Chapter 8 MTA Concepts

This chapter provides a conceptual description of the MTA. It consists of the following sections:

The MTA Functionality

The Message Transfer Agent, or MTA is a component of the Messaging Server (Figure 8-1). At its most basic level, the MTA is a message router. It accepts messages from other servers, reads the address, and routes it to the next server on way to its final destination, typically a user’s mailbox.

Over the years, a lot of functionality has been added to the MTA, and with it, size, power, and complexity. These MTA functions overlap, but, in general, can be classified as follows:

Routing. Accepts a message, expands or transforms it if necessary (for example if it is an alias), and routes it to the next server, channel, program, file, or whatever. The routing function has been expanded to allow administrator specification of the internal and external mechanics of how messages are routed. For example, it is possible to specify things such as SMTP authentication, use of various SMTP commands and protocol, TCP/IP or DNS lookup support, job submission, process control and message queueing and so on.

Address Rewriting. Envelope addresses are often rewritten as part of the routing process, but envelope or header addresses can also be rewritten to a more desired or appropriate form.

Filtering. The MTA can filter messages based on address, domain, possible virus or spam content, size, IP address, header content, and so on.
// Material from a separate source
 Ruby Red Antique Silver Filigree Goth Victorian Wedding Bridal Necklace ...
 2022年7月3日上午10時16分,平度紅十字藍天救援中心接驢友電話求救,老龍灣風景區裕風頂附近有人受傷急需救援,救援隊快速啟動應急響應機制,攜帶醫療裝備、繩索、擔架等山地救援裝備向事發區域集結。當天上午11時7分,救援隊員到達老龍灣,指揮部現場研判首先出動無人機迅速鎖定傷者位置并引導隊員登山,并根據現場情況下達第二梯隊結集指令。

Filtered messages can be discarded, rejected, modified, sent to a file, sent to a program, or be sent to the next server on its way to a user mailbox.

Content Modification. Message headers or content can be modified. Example: making a message readable to a specific client or in a specific character set or checking for spam or viruses.
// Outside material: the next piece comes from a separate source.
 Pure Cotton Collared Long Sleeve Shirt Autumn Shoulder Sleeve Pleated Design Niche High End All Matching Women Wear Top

Auditing. Tracking who submitted what, where and when.

A number of subcomponents and processes support these functions and are shown in Figure 8-2. This chapter describes these subcomponents and processes. In addition, a number of tools allow system administrators to enable and configure these functions. These include MTA options, configutil parameters, mapping tables, keywords, channels, and rewrite rules. These are described in later MTA chapters:

MTA Architecture and Message Flow Overview

This section provides a short overview of MTA architecture and message flow (Figure 8-2). Note that the MTA is a highly complex component and that Figure 8-2 is simplified depiction of messages flowing through the system. In fact, this picture is not a perfectly accurate depiction of all messages flowing through the system. For purposes of conceptual discussion, however, it must suffice.

Dispatcher and SMTP Server (Slave Program)
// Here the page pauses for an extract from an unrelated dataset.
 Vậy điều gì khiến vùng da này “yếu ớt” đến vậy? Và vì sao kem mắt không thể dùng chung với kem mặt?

Messages enter the MTA from the internet or intranet via SMTP sessions. When the MTA receives a request for an SMTP connection, the MTA dispatcher (a multithreaded connection dispatching agent), executes a slave program (tcp_smtp_server) to handle the SMTP session. The dispatcher maintains pools of multithreaded processes for each service. As additional sessions are requested, the dispatcher activates an SMTP server program to handle each session. A process in the Dispatcher’s process pool may concurrently handle many connections. Together the dispatcher and slave program perform a number of different functions on each incoming message. Three primary functions are:

Message blocking - messages from specified IP addresses, mail addresses, ports, channels, header strings and so on, may be blocked (Chapter 17, "Mail Filtering and Access Control".”)

Address changing. Incoming From: or To: addresses may be rewritten to a different form.

Channel enqueueing. Addresses are run through the rewrite rules to determine which channel the message should be sent.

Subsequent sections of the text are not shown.